Biochemistry combines faculty members from the Department of Biology, Department of Biophysics, Department of Chemistry, and the Department of Molecular Biology & Genetics.
Modern biophysical and biochemical research involves applying quantitative analysis and instrumentation to complex problems in biology. Training biophysicists and biologists to tackle these problems using a quantitative framework is a major component of the graduate program in Cell, Molecular, Developmental Biology, and Biophysics, with roughly 25 faculty members actively engaged in biophysical and biochemical research. This research is supported by facilities on the Homewood campus housing state-of-the-art instrumentation for x-ray crystallography, NMR, molecular hydrodynamics, fluorescence spectroscopy, and biocalorimetry.
Research in biophysics in CMDB includes studies of protein and nucleic acid structure; analysis of macromolecular interactions including protein-ligand, protein-protein, and protein-nucleic acid interactions; studies of RNA and protein folding; and structure-based drug design.
Modern cell biology is a highly integrative discipline in which a wide array of methods and experimental systems are used to discover the molecular bases of the fundamental cellular behaviors that are critical to the survival of all cells and organisms.
In the CMDB program, students tackle questions at the forefront of the field in the areas of membrane trafficking, the cell cycle, nuclear organization, cellular motility, and signaling, in systems as diverse as cultured cells, mice, Drosophila, and yeast. CMDB graduate students learn to approach these problems using biochemical, genetic, and molecular biological methods, in conjunction with the cutting-edge microscopy methods that have historically been the hallmark of devotees of the cell.
One of biology’s most exciting challenges is to understand how a single cell, the fertilized zygote, can give rise to an entire new organism. This process involves the differentiation of a large array of cell types that must be organized with an intricate architecture to create a functioning adult. The same mechanisms that control development are also critical in human disease, and our understanding of many disease processes, and disease genes, stems from first understanding their role in development.

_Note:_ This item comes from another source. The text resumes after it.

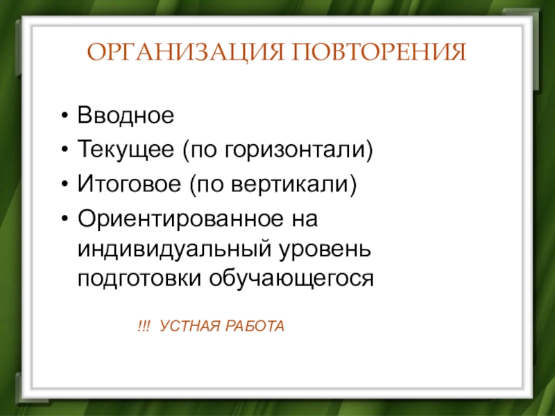 Организация вводного, текущего и итогового повторения

Research in the developmental biology section of the CMDB program encompasses many of the essential questions currently being addressed in this field. A wide range of genetic, molecular, and cell biological approaches are being used to study these questions. These include the sophisticated imaging, large-scale genomics, and cross-species comparisons that are possible with today’s advanced technology and bioinformatics resources.
Molecular biology is the foundation for much modern biological research. This research is advancing rapidly with improved genome sequencing and microarray technologies. Currently, research in molecular biology and genetics is carried out in many labs of the CMDB program. Areas of study include synthesis, structure, and function of proteins and nucleic acids, gene expression and its regulation, chromosome structure and function, and developmental genetics. Biological systems include viruses, bacteria, yeast, Drosophila, C. elegans, and mice.